Development of a direct exposure system for studying the mechanisms of central neurotoxicity caused by volatile organic compounds.

Abstract

Many volatile organic compounds (VOCs) used in work places are neurotoxic. However, it has been difficult to study the cellular mechanisms induced by a direct exposure to neurons because of their high volatility. The objective of this study was to establish a stable system for exposing brain slices to VOCs. With a conventional recording system for brain slices, it is not possible to keep a constant bath concentration of relatively highly volatile solvents, e.g. 1-bromopropane (1-BP).

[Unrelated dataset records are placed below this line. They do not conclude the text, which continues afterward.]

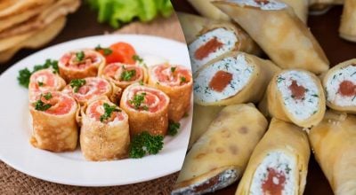 Po ostygnięciu naleśnika zdejmujemy pergamin, smarujemy go serkiem śmietankowym, układamy plasterki czerwonej ryby i całość zwijamy.
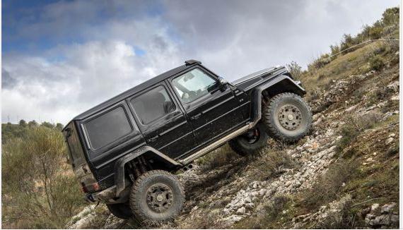 动力通过改进过的7前速7G-tronic自动变速箱传递给四驱系统,源自G500的独立分动箱提供高低速档,前中后三个电控机械式差速器锁当然也是标准配置。换用双簧双减震应付恶劣路面,减震备有舒适和运动两种模式,并且仅需15毫秒就能完成模式切换。
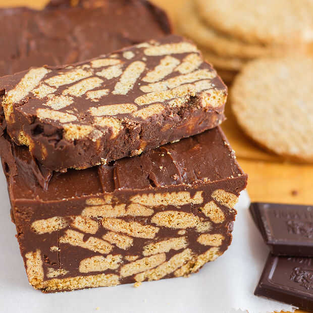 Derrita el chocolate en una olla de agua hirviendo. Agregue la mantequilla derretida y mezclar hasta que quede suave. Retire del fuego. Mezclar la leche condensada y dejamos que se enfríe un poco. Romper las galletas y los echan en un recipiente grande.
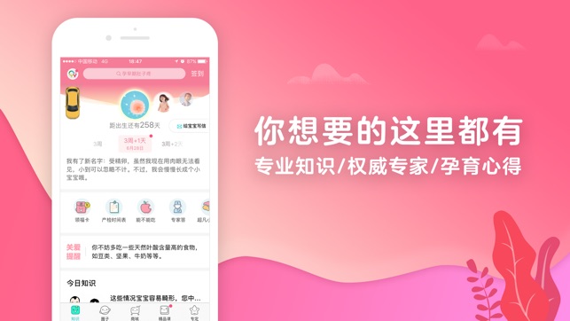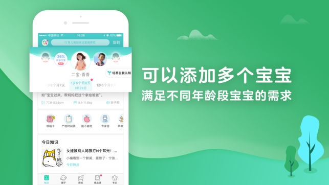 宝宝树孕育为母婴人群提供一站式解决方案,让中国父母科学从容的享受孕育过程和家庭生活。 【权威专业】 汇集百位专家、千万妈妈的孕育经验,丰富的孕育知识覆盖从备孕到宝宝6岁,为中国家庭提供全方位的孕育阶段知识获取、交流交友、商品与服务甄选购买服务,陪伴父母与宝贝成长。 【个性定制】 从备孕到育儿,每天的推荐的知识都是根据妈妈们所处阶段个性定制的,解决妈妈们不同阶段的育儿需求。 【妈妈交流】 开心热闹的妈妈交流圈子帮助您获得更多经验分享,在这里,你还能找到同城和同医院的小伙伴,闲暇时在兴趣圈聊聊手工、美食、旅游、美容保养,令孕育生活更加丰富多彩。 【特色工具】 产检数值怎么看?月子餐吃什么?宝宝辅食…
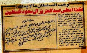هذه وثيقة تاريخية توثق بيع ارض فلسطين،بخط يد الملك عبد العزيز آل سعود مؤسس المملكة،مقابل عرش آل سعود،من أعطاه حق بيع ما لا يملك؟
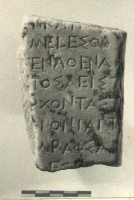 | Description: | Inscribed fragment. Part of right edge preserved; otherwise broken. Pentelic marble. | |
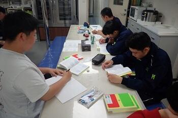 夜には法規の確認テストを行うため、全員がそれに向けて勉強を頑張っていました。
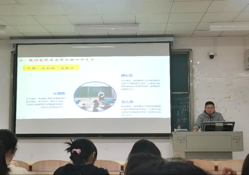2024年11月4日下午,第三期“名师进课堂”在星空(中国)官方3号实验楼419教室如期开展。汉语言文学专业由黄石十六中名师徐拥军主讲。此次讲座的主题为《愚公移山》文本解读及教学案例研究。徐老师从当下师范生最难理解和实践的文本解读环节开始讲起。他借古代诗人贺知章的《咏柳》和初中课文《愚公移山》跟大家做了文本解读的问答互动。引导师范生深入理解文本,强调启发式教学的重要性,帮助学生克服阅读障碍,提升解读能力。他指出,文本解读应结合普通阅读、专家分析、教学目标与学生实际,避免盲目解读。本次“名师进课堂”活动充分展现了名师的引领作用,为师范生提供了宝贵的学习机会。

Here we report a new exposure system for VOCs that we developed in which a high concentration of oxygen is dissolved to a perfused medium applying a gas-liquid equilibrium, and in which the tubing is made of Teflon, non adsorptive material. Using our system, the bath concentration of the perfused 1-BP remained stable for at least 2 h in the slice chamber. Both 6.4 and 2.2 mM of 1-BP did not change the paired-pulse response, but fully suppressed long-term potentiation in the dentate gyrus (DG) of hippocampal slices obtained from rats, suggesting that 1-BP decreases synaptic plasticity in the DG at the concentrations tested. Our new system can be applicable for investigating the underlying mechanisms of the neurotoxicity of VOCs at the cellular level.